Stan Marsh:

Supuse que la respuesta de Ken, se debió a que esa tarde seguramente me vió masajeando la salchicha en cuestión de segundos por encima de las ropas en favor a lo que estábamos viendo, sin mencionar lo que dije en la hora de receso. A lo mejor me estaba contrariando y en el fondo sabía que está oportunidad no se presentaba todos los días.

—Aaaahh... ¿Sí? —Pregunté al mirarlo fijamente a los ojos y convencerme a mí mismo lo que deduje con anterioridad—.

—Sí... Entonces, ¿Qué dices?

—Está bien... Bésame.

Kenny acercó sus labios a los míos, en una posición incómoda y a la vez directa, de chupar nuestros bordes como fruta. Excitante a la hora de imaginar un espacio solitario que pudiéramos pasar a un segundo nivel, de poder montarme en sus piernas y continuar con el beso que se prolongará durante el viaje; pero la realidad aconseja abrir los ojos y ver que uno de nuestros compañeros se dió cuenta de lo que estábamos haciendo.

—Kenny, nos están mirando —Susurré tras cortar el beso al acomodar mi cuerpo nuevamente contra el espaldar de la silla—.

El rubio dirige la mirada hacia el otro lado del bus, fijándose que para él no era gran cosa, quién estuviera mirando.

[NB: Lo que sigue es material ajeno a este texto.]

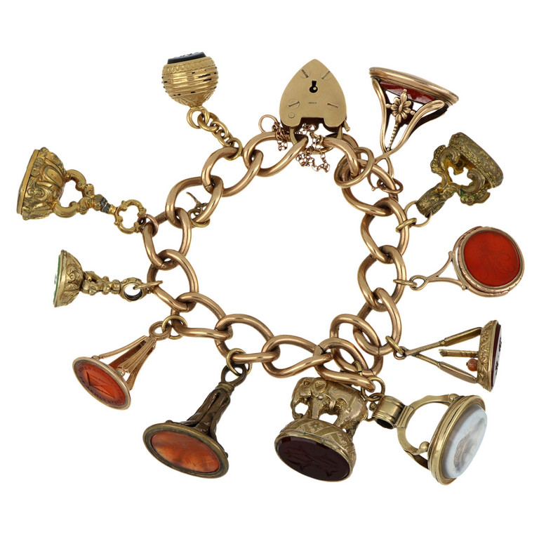 Bracciale in oro basso titolo (prob. 9K) con charms diversi a sigillo e lucchetto con pietre dure incise.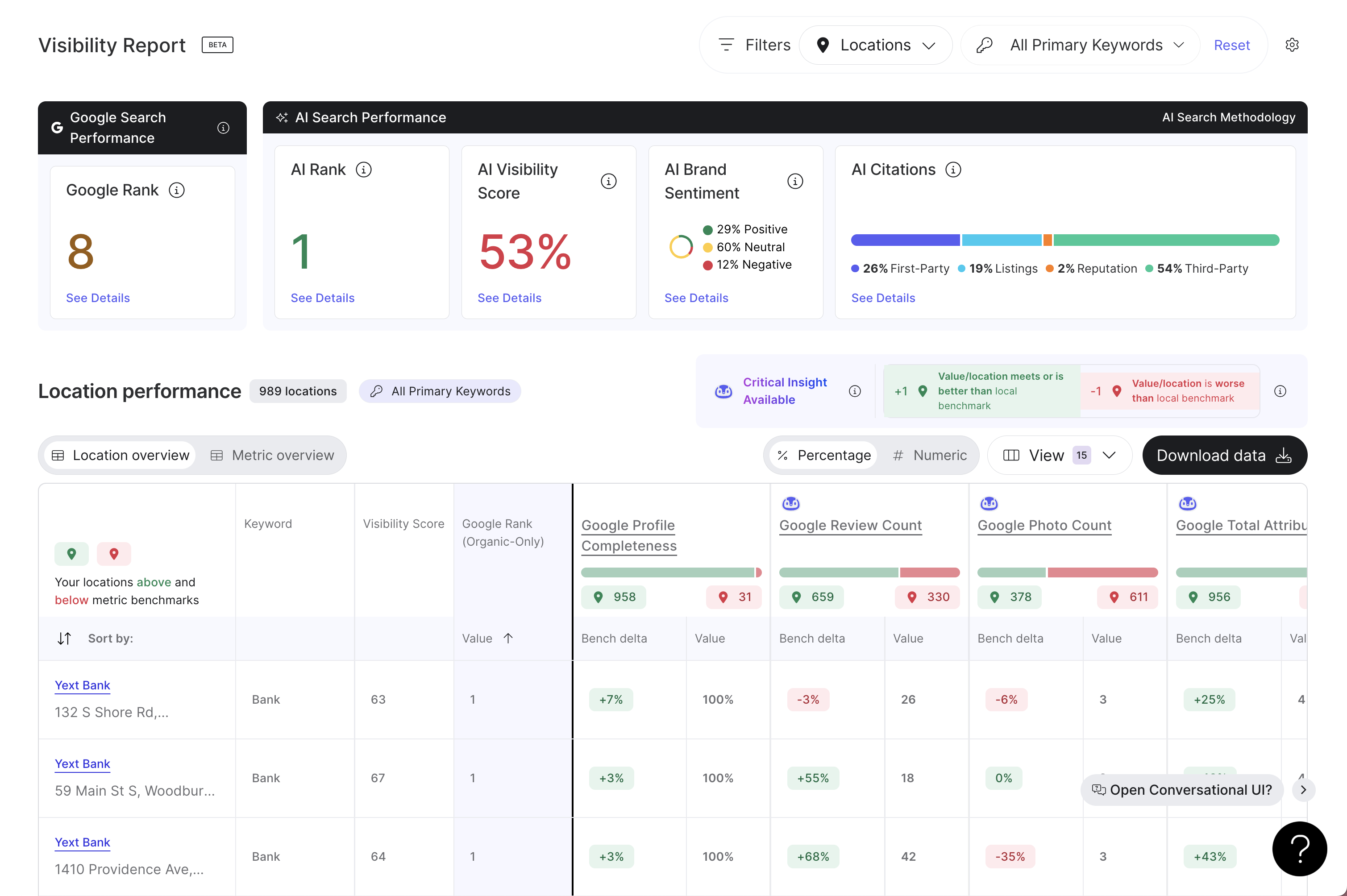 Votre rapport de visibilité fournit plusieurs indicateurs clés concernant la visibilité, le sentiment et les performances de recherche de votre marque. Vous pouvez voir le rapport à côté d'une vue de carte interactive ou sous forme de rapport complet. De plus, vous pouvez obtenir des idées exploitables sur comment améliorer vos métriques.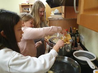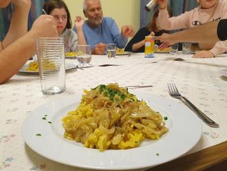 Zur Vorspeise bereiteten die Teilnehmenden eine cremige Kürbissuppe zu, bevor es mit leckeren Käsespätzle als Hauptgericht weiterging. Abgerundet wurde das Menü durch ein frisches Frischkäse-Orangen-Dessert, das die Gruppe gemeinsam anrichtete und anschließend in gemütlicher Runde genoss.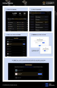 Voting is simple and secure: select the company’s country and service category, click “Vote,” and confirm via email. Each person may vote once per company, with all votes verified to prevent duplicates or fraud.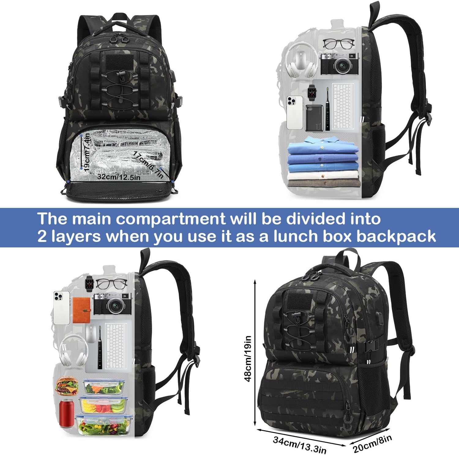Laptop Lunch Backpack for Men - 40L Large Capacity Work Backpack with Lunch Compartment and USB Post, RFID Insulated Cooler Backpack for Work, Travel, Picnic, Dark Camo
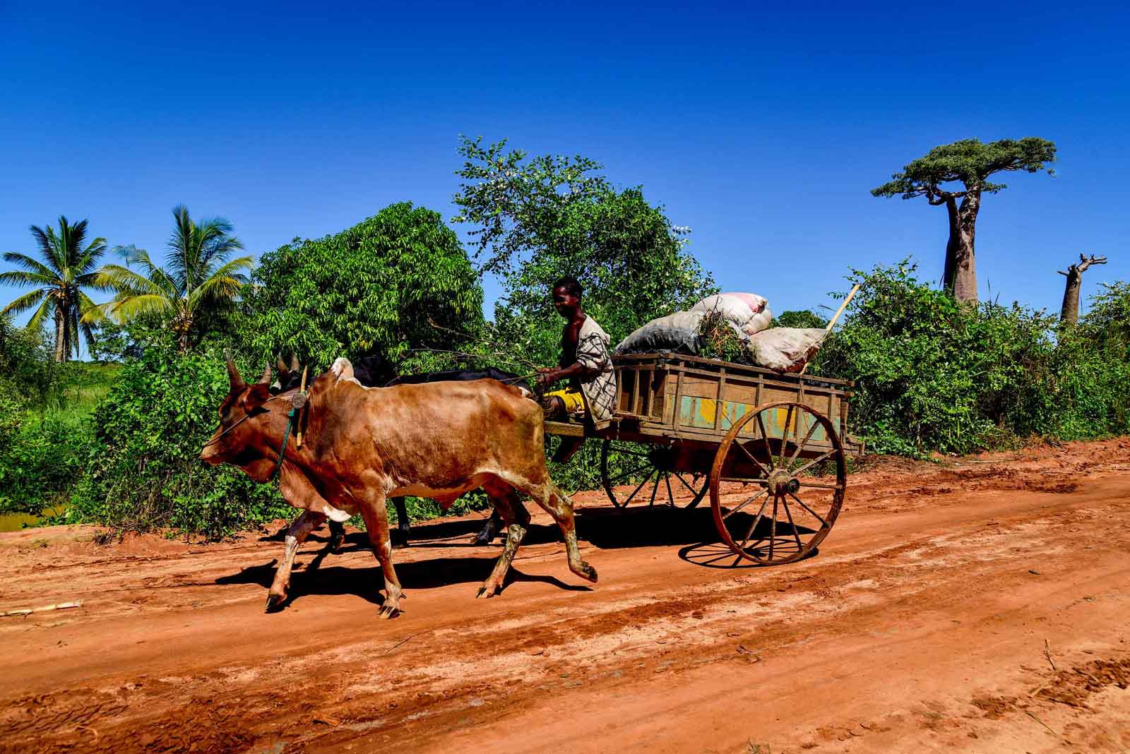 Sur la Route Nationale N°35 à plus de 450 km d’Ivato (Ambositra), à environ 640 km de Tananarive la capitale de Madagascar, la piste s’enfonce à l’infini à travers la steppe. Sous des paysages de savanes africaines, sous la chaleur étouffante on se plairait à entrevoir des mirages, silhouettes fantomatiques de girafes et d’antilopes fuyant des prédateurs. Car ce bout d’Afrique, à la terre rouge de latérite fut un temps, il y a des millions d’années partie intégrante du continent africain. Mais pas de traces de lions ni d’autres animaux qui peuplent les contrées sauvages africaines. Le lémurien, espèce endémique est le symbole de la Grande Ile. Seul le crocodile peuple les rivières de nombreuses régions malgaches.
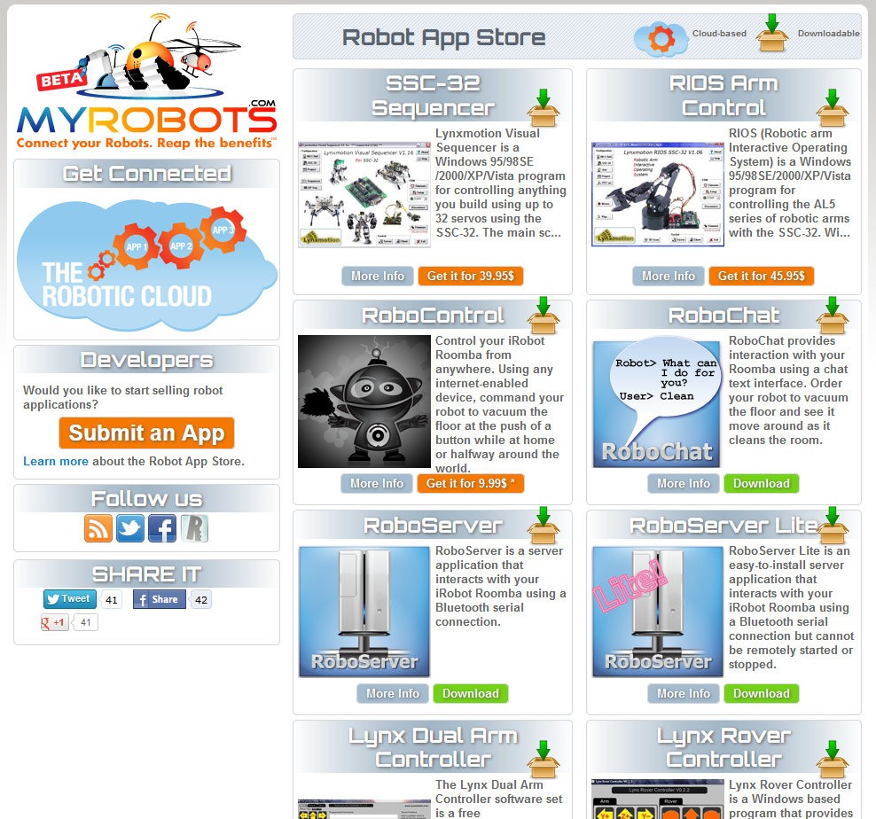 New Apps on the MyRobots App Store, the popular robotic kit manufacturer, just made all of their  robotic applications available via the MyRobots App Store. Their applications are mainly used for controlling servo motors using their popular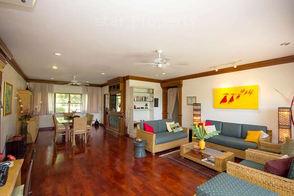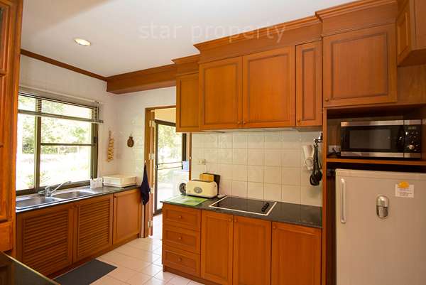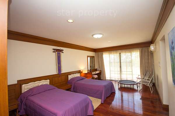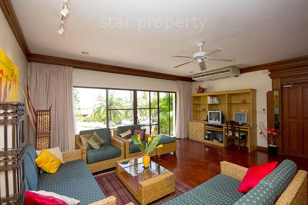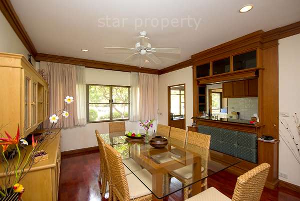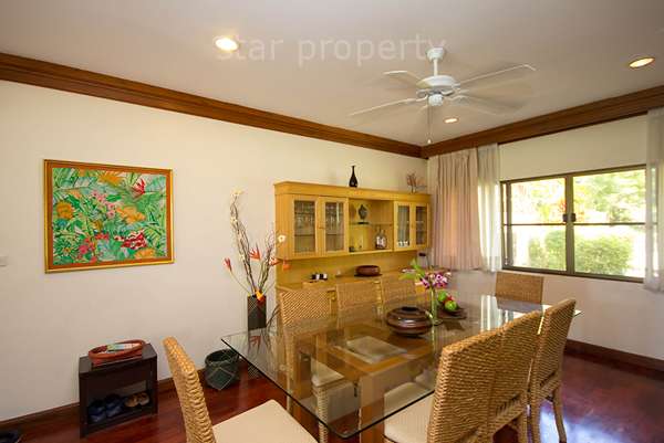 This property is extremely spacious and well appointed. Renovated to a high level of comfort and convenience, it is specifically designed for a quiet but luxurious holiday. All the rooms are well fitted out, providing a base from which to enjoy an away-from-it-all holiday in comfortable surroundings. In addition to the property’s own resources, guests have access to all the golf club’s facilities, including restaurants, swimming pool, sports centre and massage options. One can combine the home-style living of a self-catering holiday with all the facilities of a 5-star hotel. The property retains its Thai atmosphere, with genuine teak and rattan furniture throughout.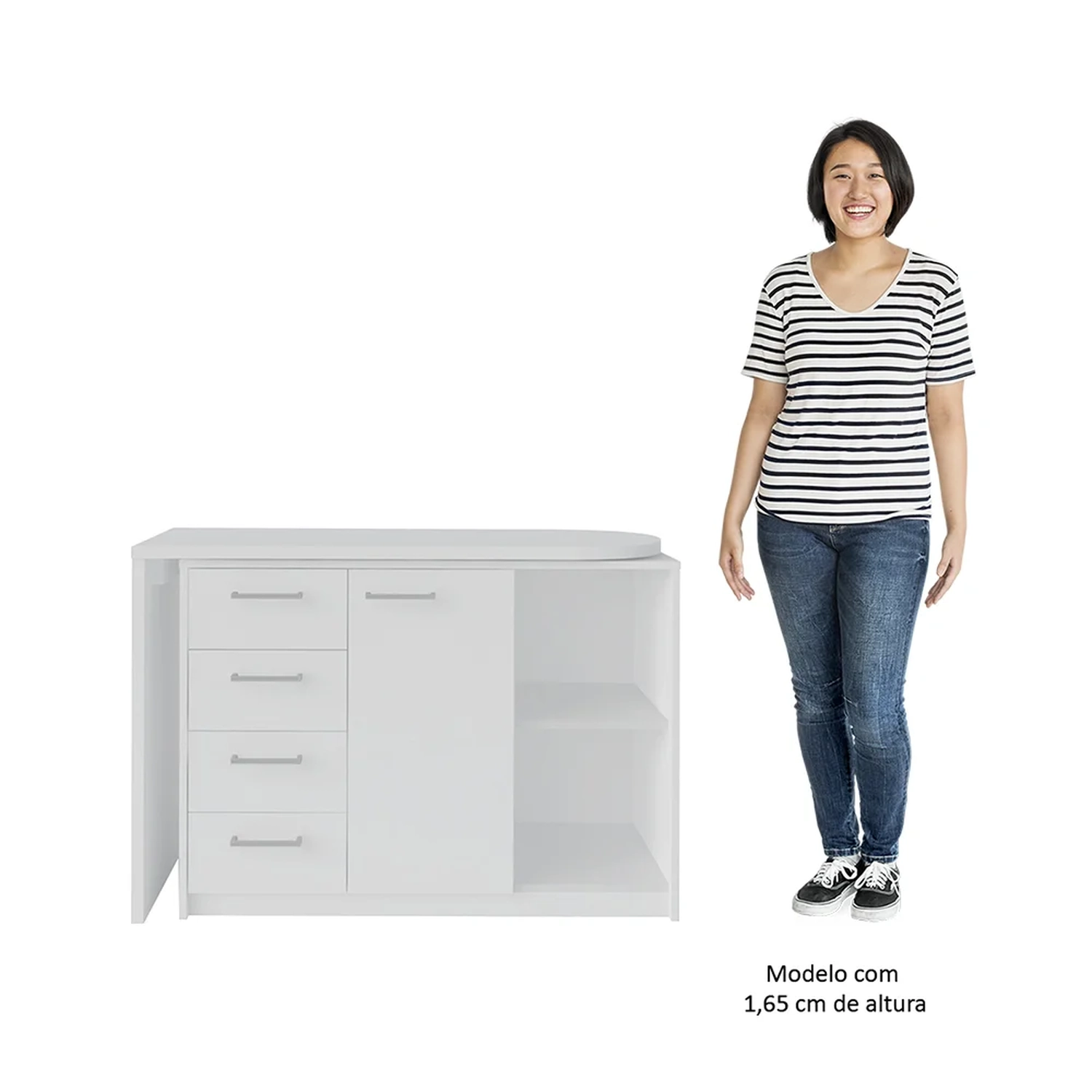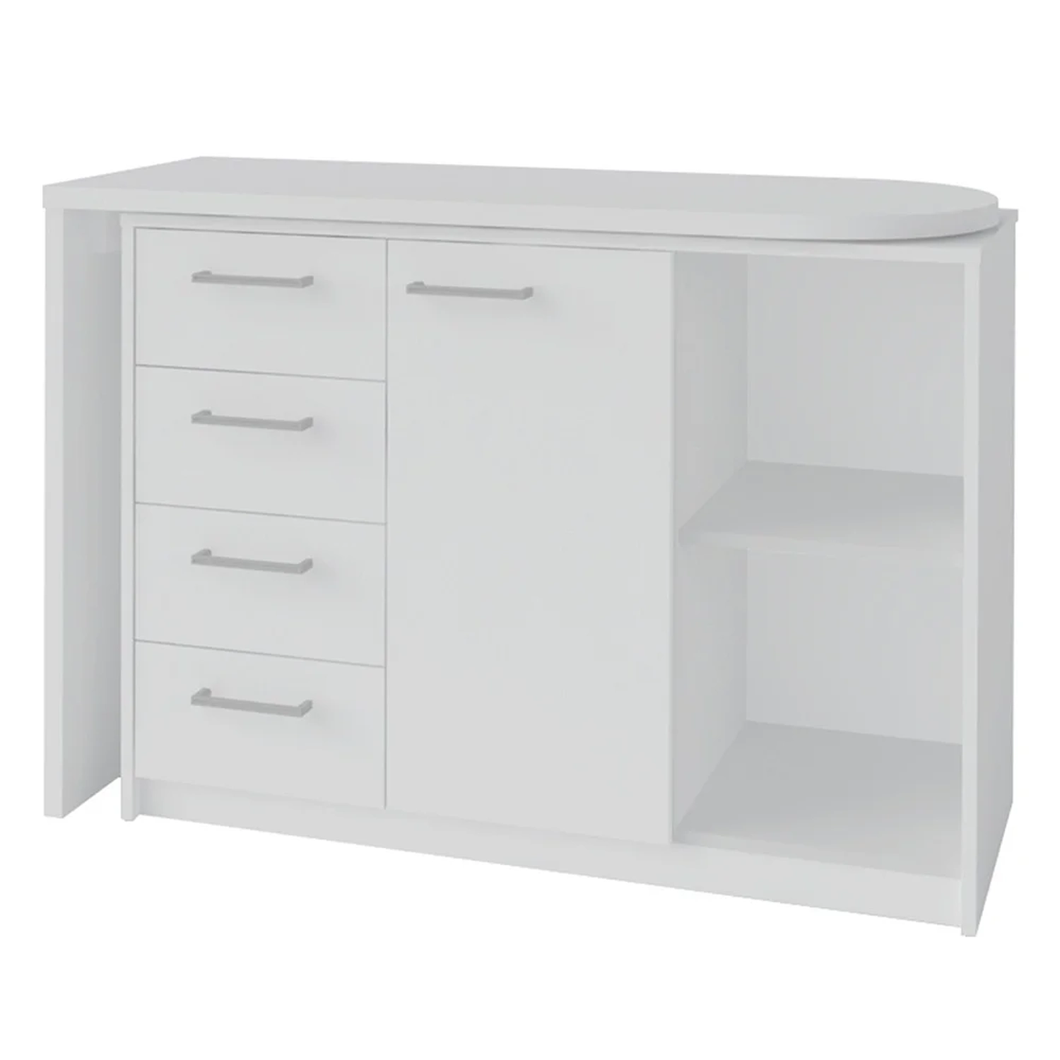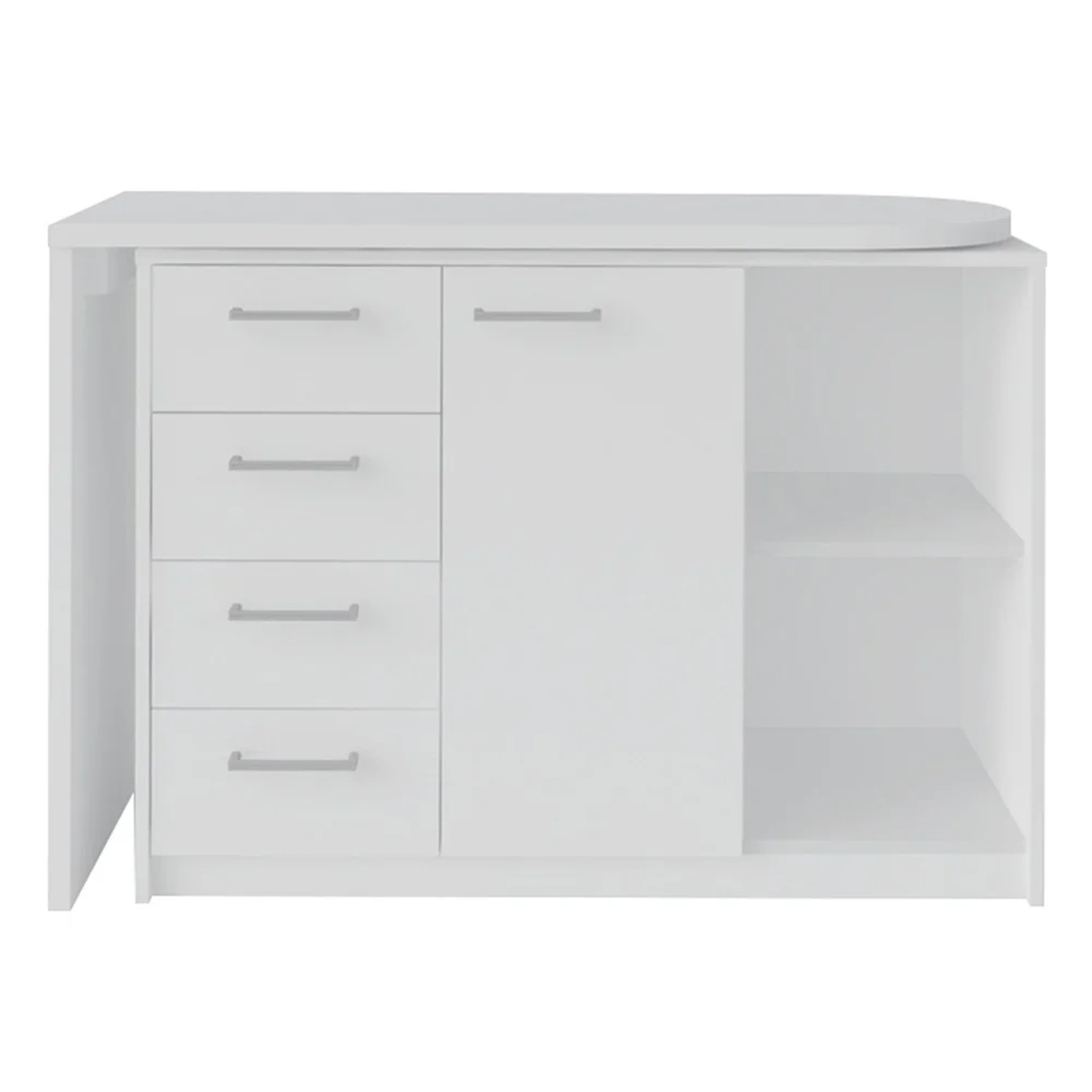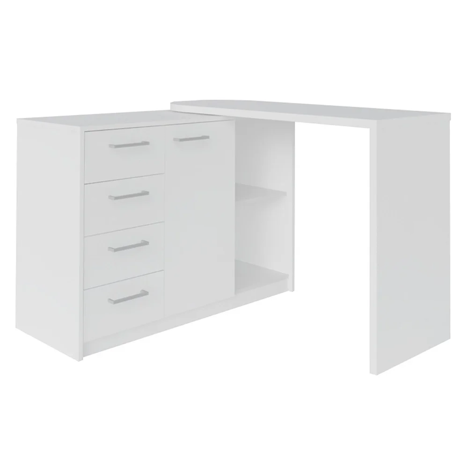 - Mesa com tampo superior móvel, formando o design em L.

—¿Seguimos? Ellos están haciendo lo mismo.

Fruncí el entrecejo, aprisionando la zona con mis dedos índice y pulgar, durante unos segundos que agaché la cabeza por un momento.

—¿Qué... No te gustó?

—No, es eso Ken... Sino que...

Enmudezco lo que voy a decir al alzar la mirada y ver que se acerca el maestro de Biología en ese instante a mirar lo que estábamos haciendo los estudiantes de la parte de atrás del bus. Kenneth frunce el ceño al acomodarse bien contra el espaldar de la silla, apartando la vista de mi presencia por no haber cumplido su capricho.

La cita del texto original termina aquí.